YOUR ASSIGNMENT —
Omitting all images, output the entries that follow exactly as written.

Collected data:

=== Section Start ===

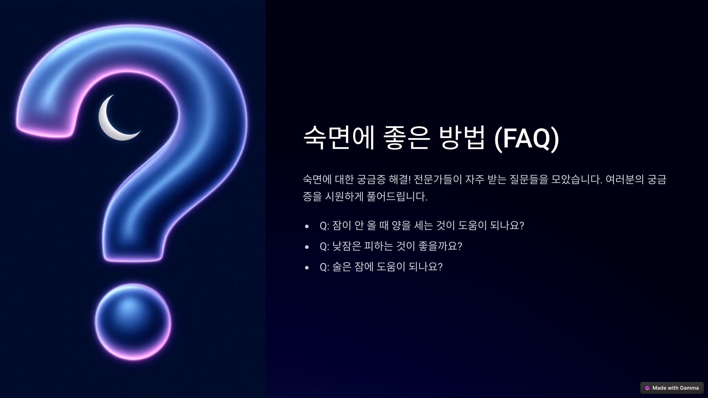 숙면은 건강한 삶의 기본이에요. 작은 습관부터 바꾸면 더 깊고 편안한 잠을 잘 수 있어요. 오늘부터 하나씩 실천해 보세요! 😴
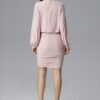 Great dress with long wide sleeves finished with a cuff. The top of the neck is pleated, the bottom of the dress with side pleats. At the back fastened with a covered zipper. It is a typical must have for an evening out.
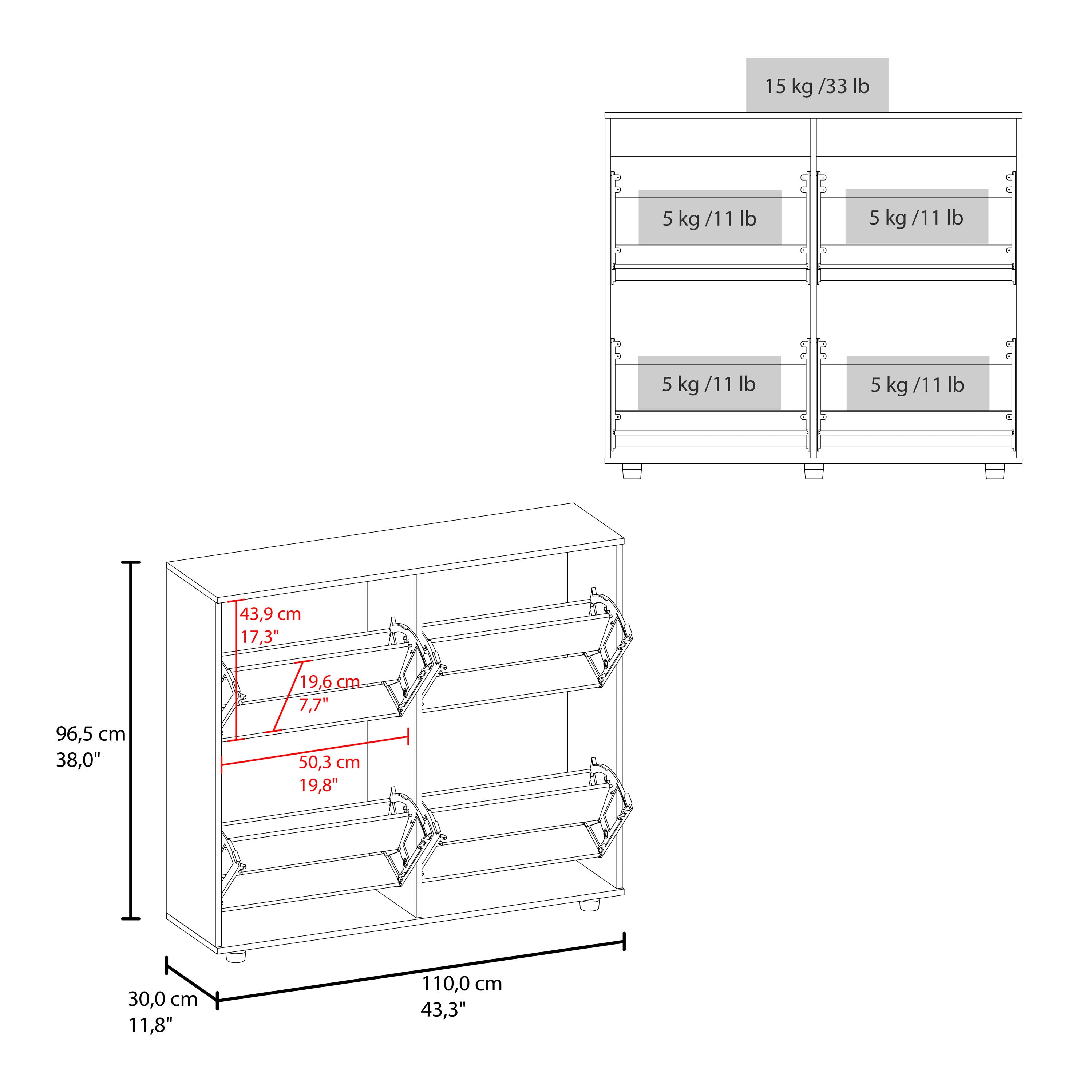 - Design: Four tilt-out doors conceal multiple compartments for shoes or other items, keeping clutter out of sight
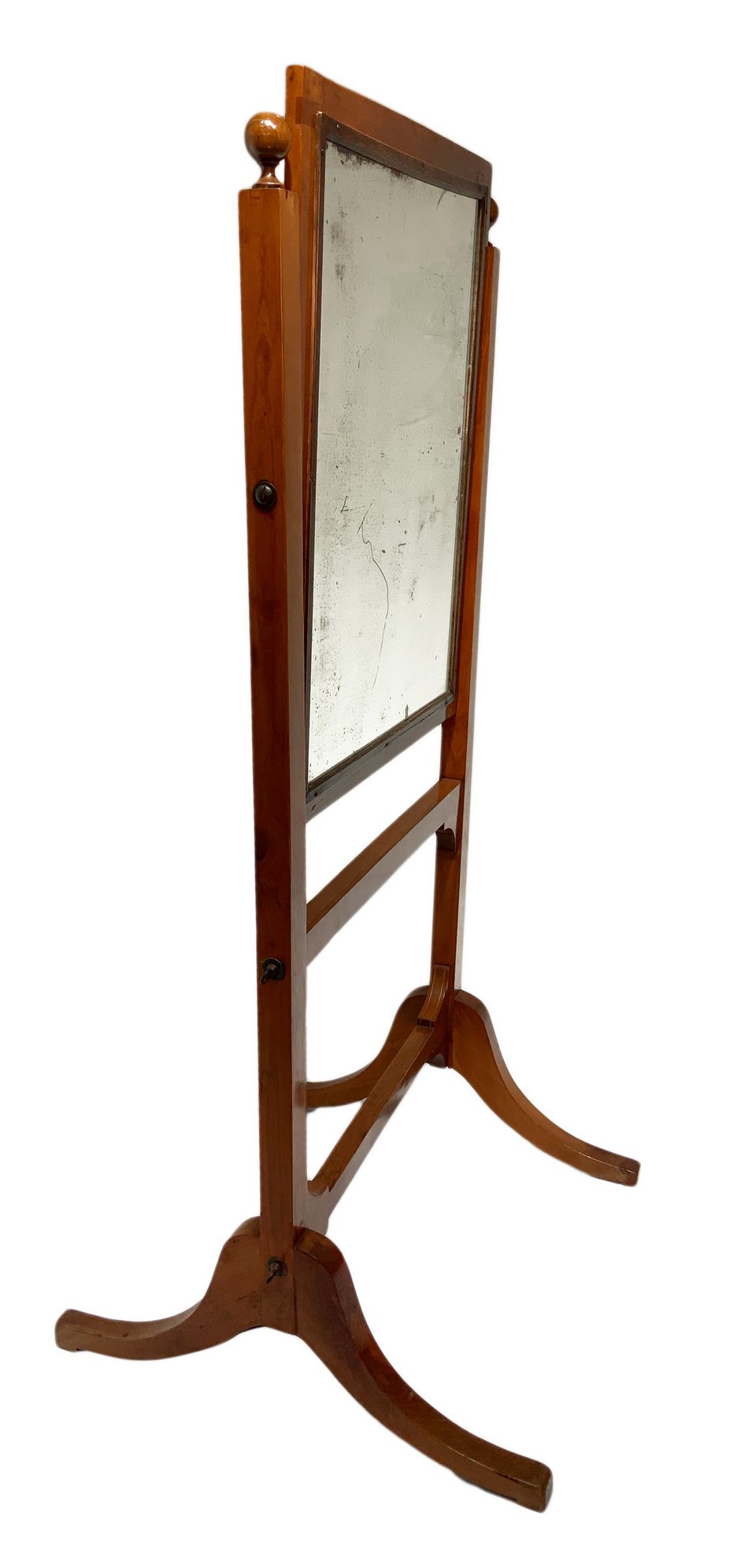 Psiche basculante in legno di noce con intarsi e perfili in legno chiaro....
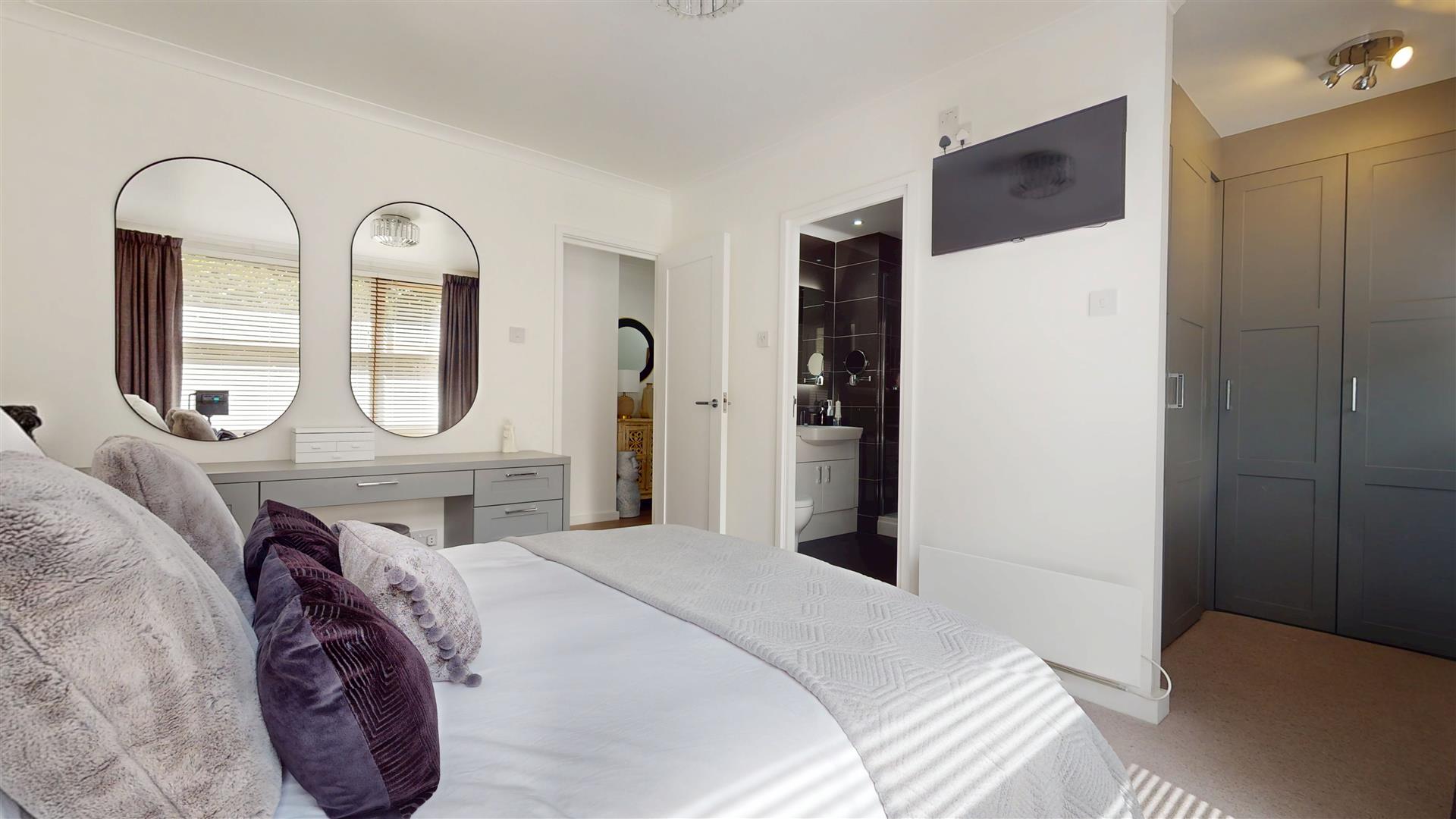 Two double glazed windows to side with fitted blinds. Built in wardrobes in dressing area. Electric heater Fitted bedroom furniture. Door to ensuite.
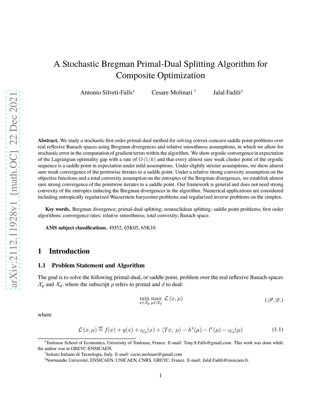 We study a stochastic first order primal-dual method for solving convex-concave saddle point problems over real reflexive Banach spaces using Bregman divergences and relative smoothness assumptions, in which we allow for stochastic error in the computation of gradient terms within the algorithm. We show ergodic convergence in expectation of the Lagrangian optimality gap with a rate of O(1/k) and that every almost sure weak cluster point of the ergodic sequence is a saddle point in expectation under mild assumptions. Under slightly stricter assumptions, we show almost sure weak convergence of the pointwise iterates to a saddle point. Under a relative strong convexity assumption on the objective functions and a total convexity assumption on the entropies of the Bregman divergences, we establish almost sure strong convergence of the pointwise iterates to a saddle point. Our framework is general and does not need strong convexity of the entropies inducing the Bregman divergences in the algorithm. Numerical applications are considered including entropically regularized Wasserstein barycenter problems and regularized inverse problems on the simplex.
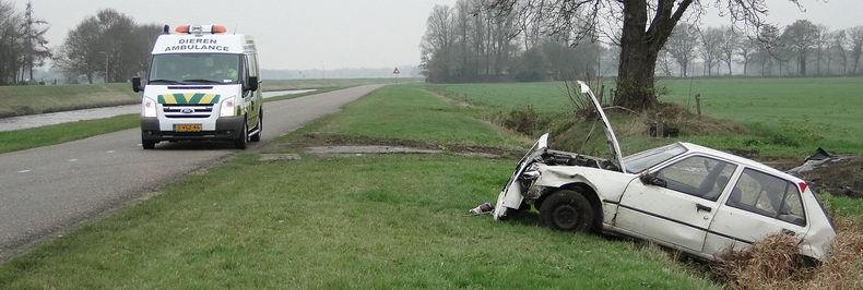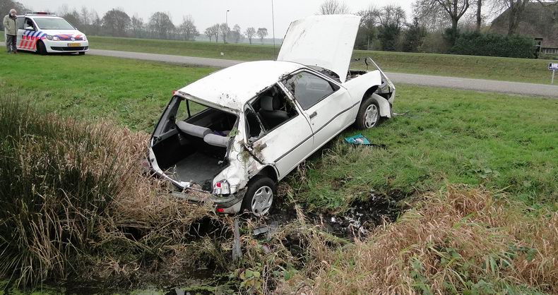 | Maandagmiddag rond 14:00 uur werd alarm geslagen, omdat er aan het Stieltjeskanaal tussen Coevorden en Stieltjeskanaal een auto te water zou zijn geraakt. De auto -een Peugeot 205- was aan de "stille kant" van het kanaal van de weg geraakt en na een flinke buiteling op zijn wielen tot stilstand gekomen; niet in, maar pal vóór een vrij brede sloot bij een boerderij. De bestuurster waarschuwde al zwaaiend een passant, die 112 belde. De vrouw had last van pijn in een heup. Ze is per ambulance naar een ziekenhuis gebracht. Haar kat is door dierenambulancepersoneel uit Emmen opgehaald, nadat het versufte dier een tijdje -in een brandweerdeken gewikkeld- op de hoedenplank van een politieauto bij had kunnen komen. De bijna 27 jaar oude Peugeot was total loss. |
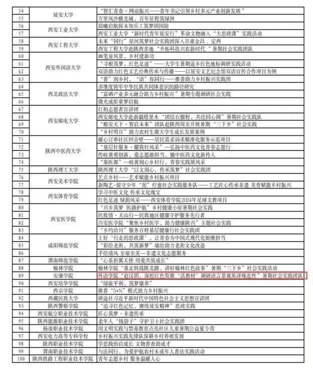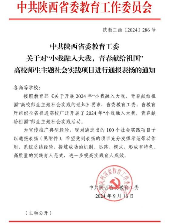 近日,中共陕西省委教育工委下发了《关于对“小我融入大我,青春献给祖国”高校师生主题社会实践项目进行通报表扬的通知》,在全省范围内最终遴选出100个优秀案例予以表扬,Beat365“赴汉阴,深挖红色资源'活教材',调研语言景观英译规范性”暑期社会实践团队(由外语学院教师胡卫卫、常远红指导,焦子桐等六名学生参与)项目成功入选。
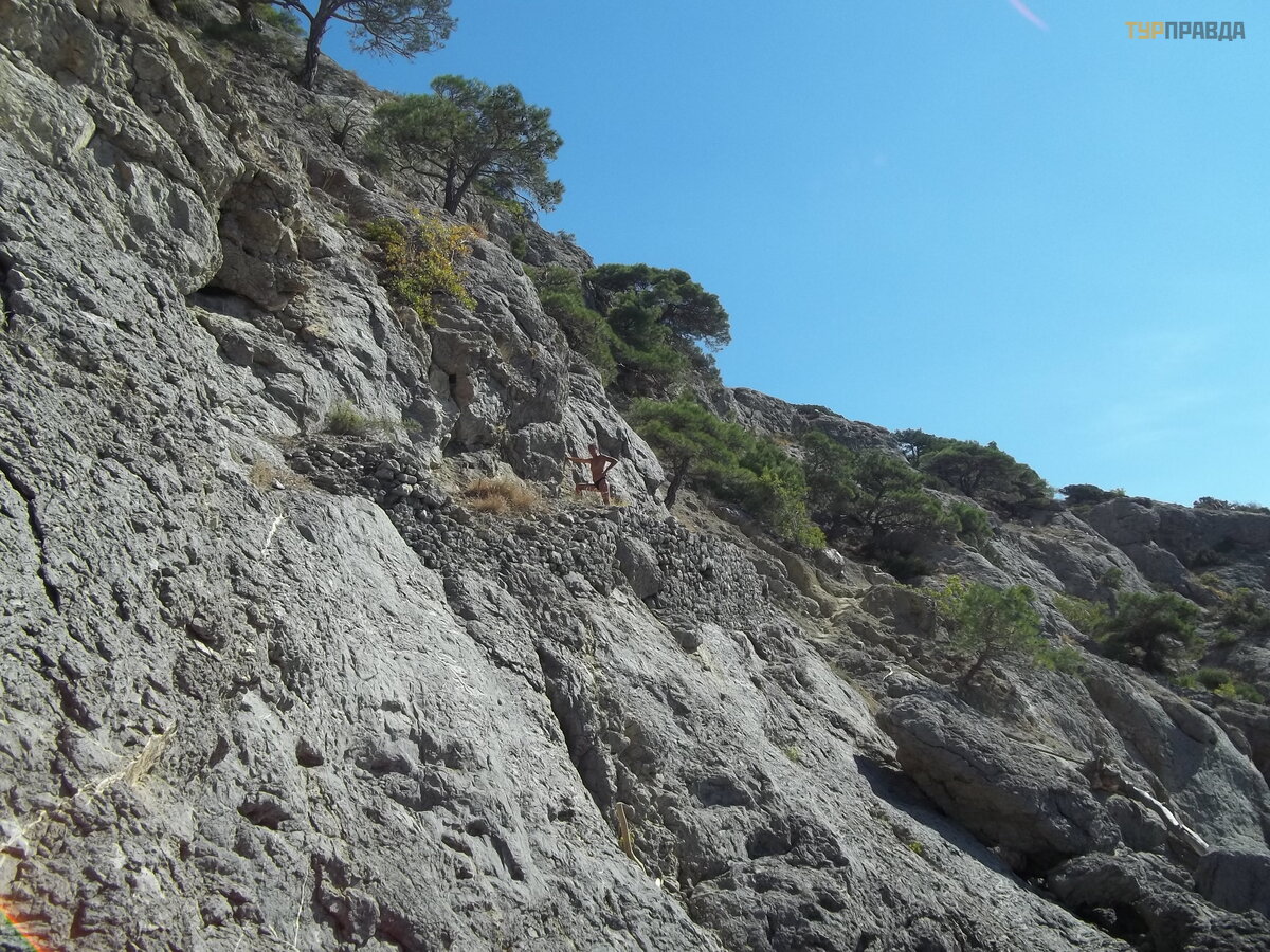 Bet tai buvo seniai. Laikui bė gant dalis tako sugriuvo ir juo beveik niekas nevaikš č iojo. Beveik. Mes einame. Dabar reikė jo nusileisti prie vandens toje vietoje, kur jis sugriuvo, o tada lipti atgal.
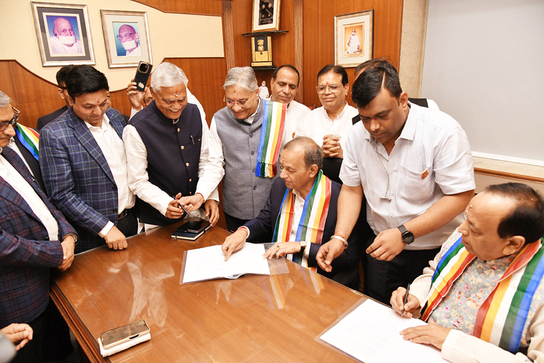 नई दिल्ली : जैन श्वेताम्बर तेरापंथ धर्मसंघ की ‘संस्था शिरोमणि’ जैन श्वेताम्बर तेरापंथी महासभा के सत्र 2026-28 के नवनिर्वाचित पदाधिकारियों का दायित्व स्वीकरण उत्सव महासभा प्रधान कार्यालय, कोलकाता में गरिमामय एवं भावपूर्ण वातावरण में संपन्न हुआ। दोपहर में जैन संस्कार विधि से पूजन-अर्चन के उपरान्त शुभ मुहूर्त में नवनिर्वाचित पदाधिकारियों ने महासभा कार्यालय में प्रवेश कर विधिवत दायित्व ग्रहण किया। निवर्तमान अध्यक्ष श्री मनसुखलाल सेठिया ने नवनिर्वाचित अध्यक्ष श्री महेन्द्र नाहटा को दायित्व हस्तांतरित किया। इस अवसर पर महासभा के पाँच पूर्व अध्यक्ष एवं पाँच पूर्व प्रधान न्यासी विशेष रूप से उपस्थित रहे।
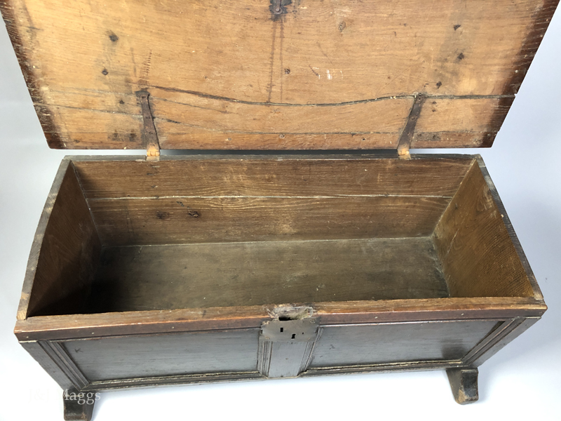 A very interesting oak chest, perhaps transitional, dating from the late 1500’s to early 1600s. Created as a boarded chest, it is joined with rose-head nails, many invisible as detailed mouldings were applied to cover the joinery and dress up the piece. These heavy mouldings are the only decoration here, other than the lock plate and hasp (now lost).
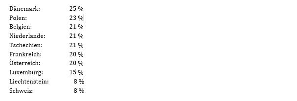 Die regulären Umsatzsteuertarife in unseren europäischen Nachbarländern liegen derzeit bei folgenden Werten:
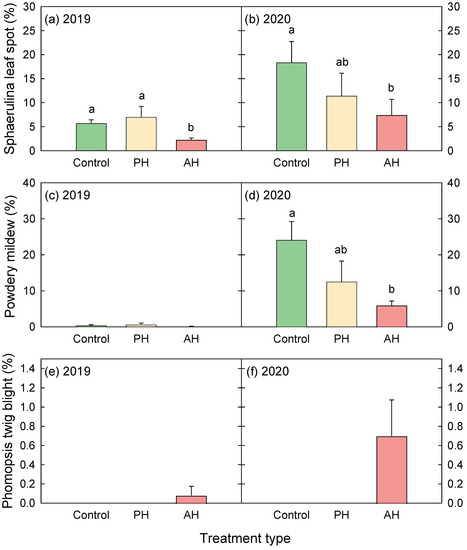 At the end of the growing season of 2019, the percent infection of wild blueberries by Sphaerulina leaf spot disease under the AH treatment was significantly lower compared to the control and PH treatment, but no differences were detected between plants in the control and the PH treatment (Figure 5a). At the end of the growing season in 2020, the percent infection by Sphaerulina leaf spot disease of wild blueberries under the AH treatment was significantly lower compared to the control, but no differences were detected between the control and PH treatment (Figure 5b). No significant difference in powdery mildew was detected among different treatments in 2019 (Figure 5c). However, in 2020, the percent infection of powdery mildew was significantly lower on plants in the AH treatment compared to the control (Figure 5d). No leaf rust was detected under any of the treatments. Phomopsis twig blight was only detected in wild blueberry plants under the AH treatment in both 2019 and 2020 (Figure 5e,f) but at low percentages (0.08% in 2019 and 0.7% in 2020).

=== Section End ===

EXPECTED OUTPUT —
 숙면은 건강한 삶의 기본이에요. 작은 습관부터 바꾸면 더 깊고 편안한 잠을 잘 수 있어요. 오늘부터 하나씩 실천해 보세요! 😴
 Great dress with long wide sleeves finished with a cuff. The top of the neck is pleated, the bottom of the dress with side pleats. At the back fastened with a covered zipper. It is a typical must have for an evening out.
 - Design: Four tilt-out doors conceal multiple compartments for shoes or other items, keeping clutter out of sight
 Psiche basculante in legno di noce con intarsi e perfili in legno chiaro....
 Two double glazed windows to side with fitted blinds. Built in wardrobes in dressing area. Electric heater Fitted bedroom furniture. Door to ensuite.
 We study a stochastic first order primal-dual method for solving convex-concave saddle point problems over real reflexive Banach spaces using Bregman divergences and relative smoothness assumptions, in which we allow for stochastic error in the computation of gradient terms within the algorithm. We show ergodic convergence in expectation of the Lagrangian optimality gap with a rate of O(1/k) and that every almost sure weak cluster point of the ergodic sequence is a saddle point in expectation under mild assumptions. Under slightly stricter assumptions, we show almost sure weak convergence of the pointwise iterates to a saddle point. Under a relative strong convexity assumption on the objective functions and a total convexity assumption on the entropies of the Bregman divergences, we establish almost sure strong convergence of the pointwise iterates to a saddle point. Our framework is general and does not need strong convexity of the entropies inducing the Bregman divergences in the algorithm. Numerical applications are considered including entropically regularized Wasserstein barycenter problems and regularized inverse problems on the simplex.
 | Maandagmiddag rond 14:00 uur werd alarm geslagen, omdat er aan het Stieltjeskanaal tussen Coevorden en Stieltjeskanaal een auto te water zou zijn geraakt. De auto -een Peugeot 205- was aan de "stille kant" van het kanaal van de weg geraakt en na een flinke buiteling op zijn wielen tot stilstand gekomen; niet in, maar pal vóór een vrij brede sloot bij een boerderij. De bestuurster waarschuwde al zwaaiend een passant, die 112 belde. De vrouw had last van pijn in een heup. Ze is per ambulance naar een ziekenhuis gebracht. Haar kat is door dierenambulancepersoneel uit Emmen opgehaald, nadat het versufte dier een tijdje -in een brandweerdeken gewikkeld- op de hoedenplank van een politieauto bij had kunnen komen. De bijna 27 jaar oude Peugeot was total loss. |
 近日,中共陕西省委教育工委下发了《关于对“小我融入大我,青春献给祖国”高校师生主题社会实践项目进行通报表扬的通知》,在全省范围内最终遴选出100个优秀案例予以表扬,Beat365“赴汉阴,深挖红色资源'活教材',调研语言景观英译规范性”暑期社会实践团队(由外语学院教师胡卫卫、常远红指导,焦子桐等六名学生参与)项目成功入选。
 Bet tai buvo seniai. Laikui bė gant dalis tako sugriuvo ir juo beveik niekas nevaikš č iojo. Beveik. Mes einame. Dabar reikė jo nusileisti prie vandens toje vietoje, kur jis sugriuvo, o tada lipti atgal.
 नई दिल्ली : जैन श्वेताम्बर तेरापंथ धर्मसंघ की ‘संस्था शिरोमणि’ जैन श्वेताम्बर तेरापंथी महासभा के सत्र 2026-28 के नवनिर्वाचित पदाधिकारियों का दायित्व स्वीकरण उत्सव महासभा प्रधान कार्यालय, कोलकाता में गरिमामय एवं भावपूर्ण वातावरण में संपन्न हुआ। दोपहर में जैन संस्कार विधि से पूजन-अर्चन के उपरान्त शुभ मुहूर्त में नवनिर्वाचित पदाधिकारियों ने महासभा कार्यालय में प्रवेश कर विधिवत दायित्व ग्रहण किया। निवर्तमान अध्यक्ष श्री मनसुखलाल सेठिया ने नवनिर्वाचित अध्यक्ष श्री महेन्द्र नाहटा को दायित्व हस्तांतरित किया। इस अवसर पर महासभा के पाँच पूर्व अध्यक्ष एवं पाँच पूर्व प्रधान न्यासी विशेष रूप से उपस्थित रहे।
 A very interesting oak chest, perhaps transitional, dating from the late 1500’s to early 1600s. Created as a boarded chest, it is joined with rose-head nails, many invisible as detailed mouldings were applied to cover the joinery and dress up the piece. These heavy mouldings are the only decoration here, other than the lock plate and hasp (now lost).
 Die regulären Umsatzsteuertarife in unseren europäischen Nachbarländern liegen derzeit bei folgenden Werten:
 At the end of the growing season of 2019, the percent infection of wild blueberries by Sphaerulina leaf spot disease under the AH treatment was significantly lower compared to the control and PH treatment, but no differences were detected between plants in the control and the PH treatment (Figure 5a). At the end of the growing season in 2020, the percent infection by Sphaerulina leaf spot disease of wild blueberries under the AH treatment was significantly lower compared to the control, but no differences were detected between the control and PH treatment (Figure 5b). No significant difference in powdery mildew was detected among different treatments in 2019 (Figure 5c). However, in 2020, the percent infection of powdery mildew was significantly lower on plants in the AH treatment compared to the control (Figure 5d). No leaf rust was detected under any of the treatments. Phomopsis twig blight was only detected in wild blueberry plants under the AH treatment in both 2019 and 2020 (Figure 5e,f) but at low percentages (0.08% in 2019 and 0.7% in 2020).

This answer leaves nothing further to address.